BEGIN PROVIDED RECORDS
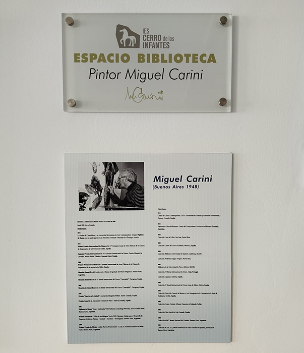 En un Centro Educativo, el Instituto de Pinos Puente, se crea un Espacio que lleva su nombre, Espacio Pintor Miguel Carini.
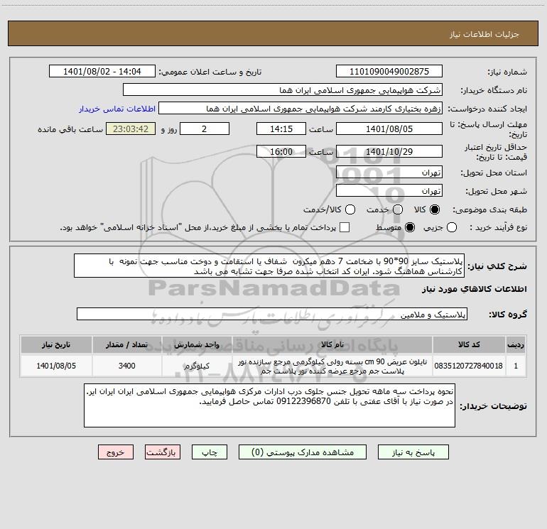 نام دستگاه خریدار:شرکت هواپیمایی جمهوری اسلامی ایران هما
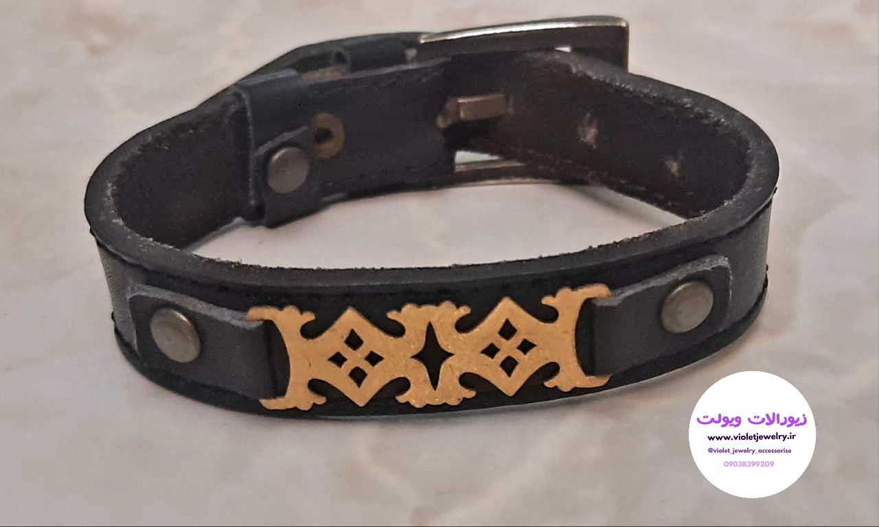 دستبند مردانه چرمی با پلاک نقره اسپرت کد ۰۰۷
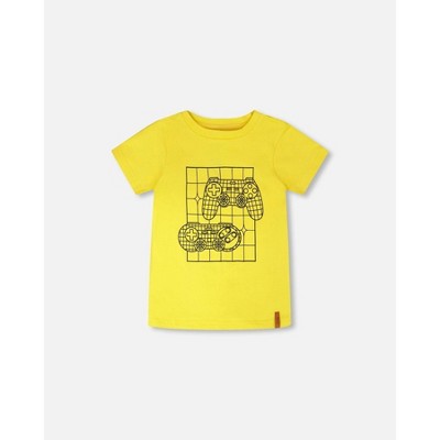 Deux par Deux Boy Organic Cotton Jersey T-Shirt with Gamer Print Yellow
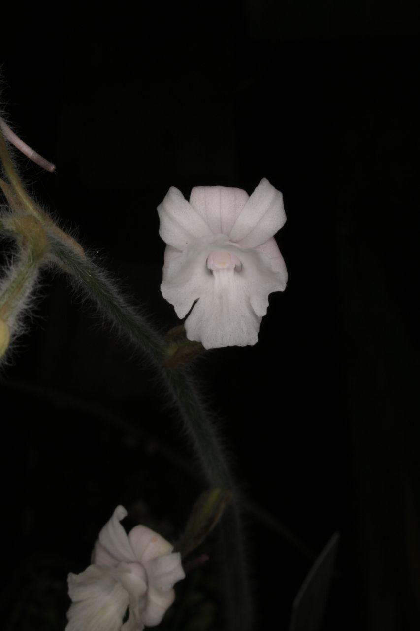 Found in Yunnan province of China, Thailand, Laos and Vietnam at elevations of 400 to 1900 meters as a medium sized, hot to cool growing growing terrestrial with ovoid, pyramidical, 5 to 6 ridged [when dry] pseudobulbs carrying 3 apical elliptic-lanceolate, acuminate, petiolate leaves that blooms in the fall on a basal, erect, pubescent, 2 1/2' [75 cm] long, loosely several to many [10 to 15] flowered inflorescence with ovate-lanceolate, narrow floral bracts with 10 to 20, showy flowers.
END PROVIDED RECORDS
BEGIN PROVIDED RECORDS
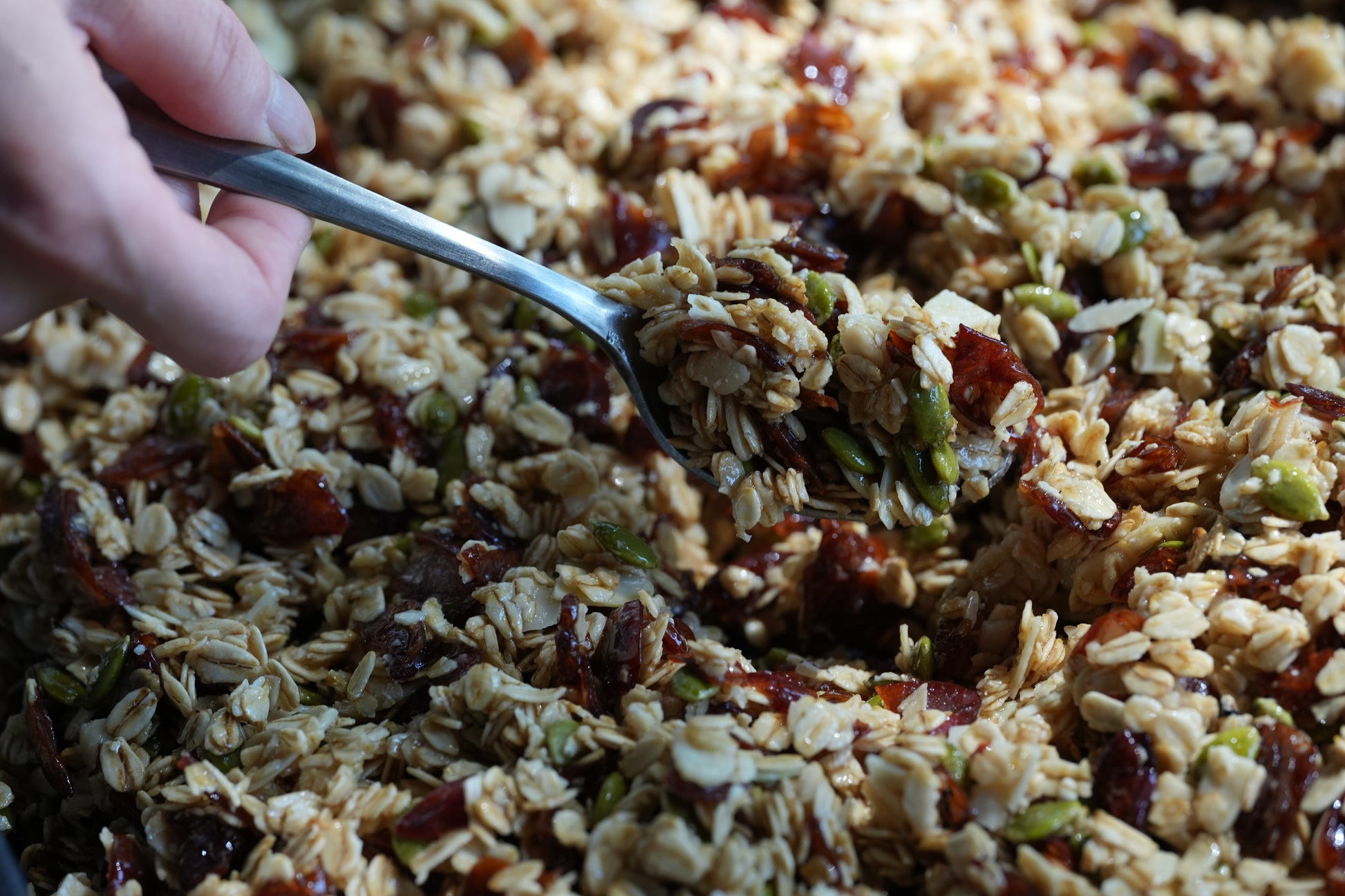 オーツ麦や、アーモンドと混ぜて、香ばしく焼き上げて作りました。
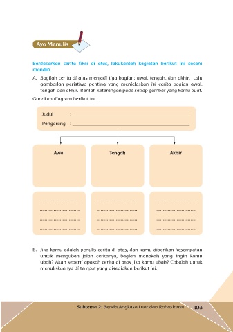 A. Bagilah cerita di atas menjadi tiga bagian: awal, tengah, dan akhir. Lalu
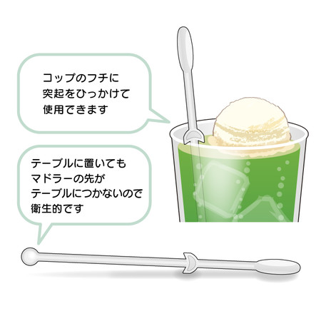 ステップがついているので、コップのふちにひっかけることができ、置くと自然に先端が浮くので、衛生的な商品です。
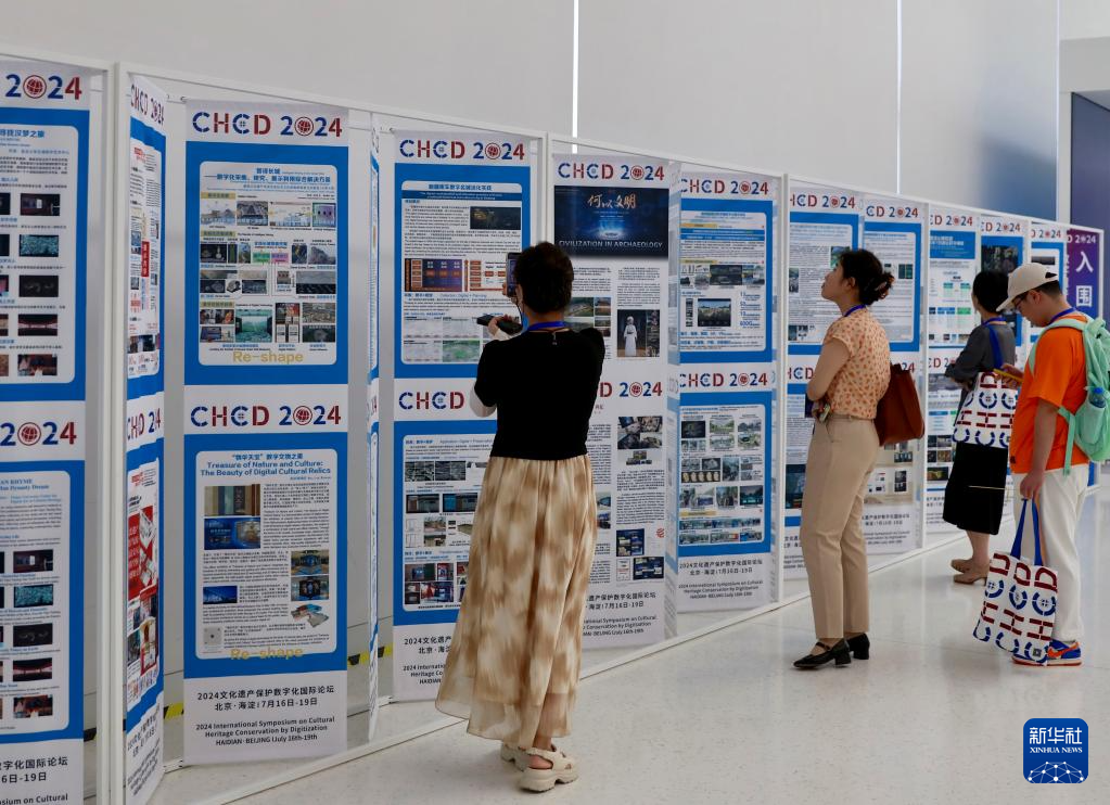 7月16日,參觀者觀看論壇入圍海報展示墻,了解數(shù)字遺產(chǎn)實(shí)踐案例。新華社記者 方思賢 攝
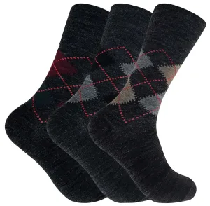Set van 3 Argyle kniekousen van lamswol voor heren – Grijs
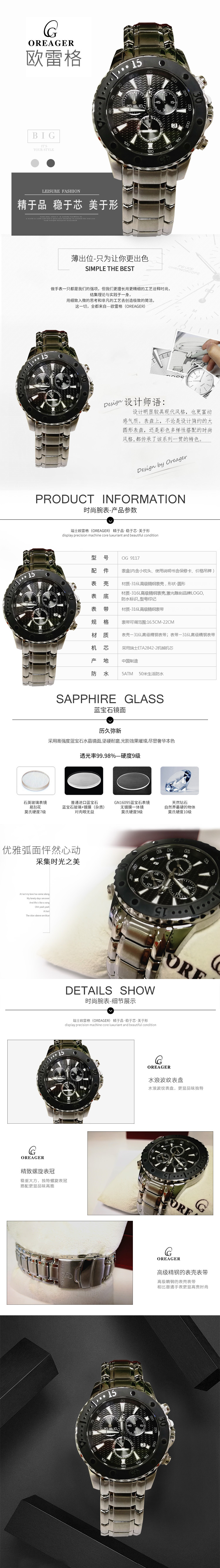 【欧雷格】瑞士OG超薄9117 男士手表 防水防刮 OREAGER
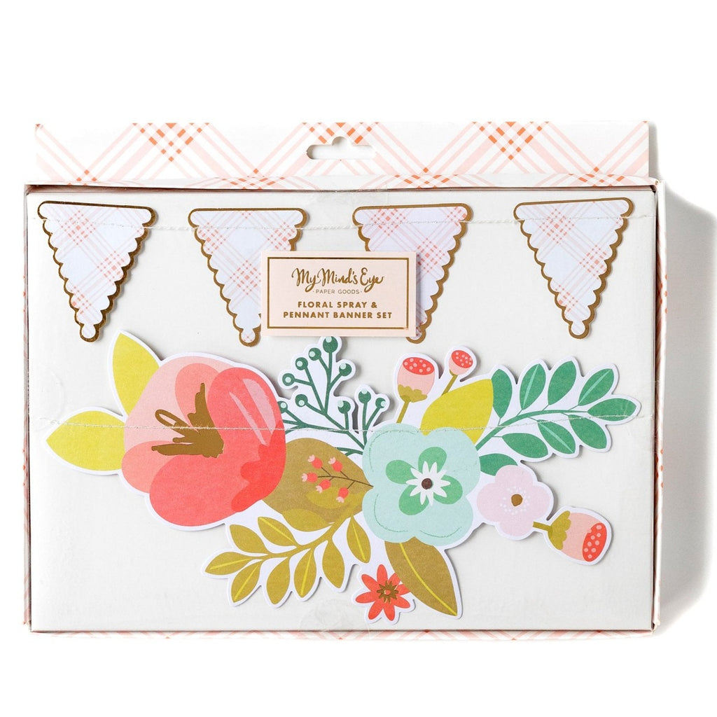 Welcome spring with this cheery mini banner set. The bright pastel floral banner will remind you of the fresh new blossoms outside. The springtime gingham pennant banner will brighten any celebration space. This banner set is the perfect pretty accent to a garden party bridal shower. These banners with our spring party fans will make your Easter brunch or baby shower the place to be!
END PROVIDED RECORDS
BEGIN PROVIDED RECORDS
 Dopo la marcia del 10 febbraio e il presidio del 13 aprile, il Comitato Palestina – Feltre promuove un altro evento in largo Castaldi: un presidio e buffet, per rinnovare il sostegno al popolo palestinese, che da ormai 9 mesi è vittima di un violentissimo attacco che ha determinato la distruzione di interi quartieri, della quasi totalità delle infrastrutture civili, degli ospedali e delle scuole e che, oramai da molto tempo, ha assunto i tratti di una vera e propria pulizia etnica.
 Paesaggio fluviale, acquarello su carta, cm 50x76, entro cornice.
END PROVIDED RECORDS
WHAT THE TASK ASKS:
Could you write out exactly the lines of the data above that run from the one holding "En un Centro" to the one holding "Deux par Deux", with both ends in and all pictures out?

ANSWER SPACE:
 En un Centro Educativo, el Instituto de Pinos Puente, se crea un Espacio que lleva su nombre, Espacio Pintor Miguel Carini.
 نام دستگاه خریدار:شرکت هواپیمایی جمهوری اسلامی ایران هما
 دستبند مردانه چرمی با پلاک نقره اسپرت کد ۰۰۷
 Deux par Deux Boy Organic Cotton Jersey T-Shirt with Gamer Print Yellow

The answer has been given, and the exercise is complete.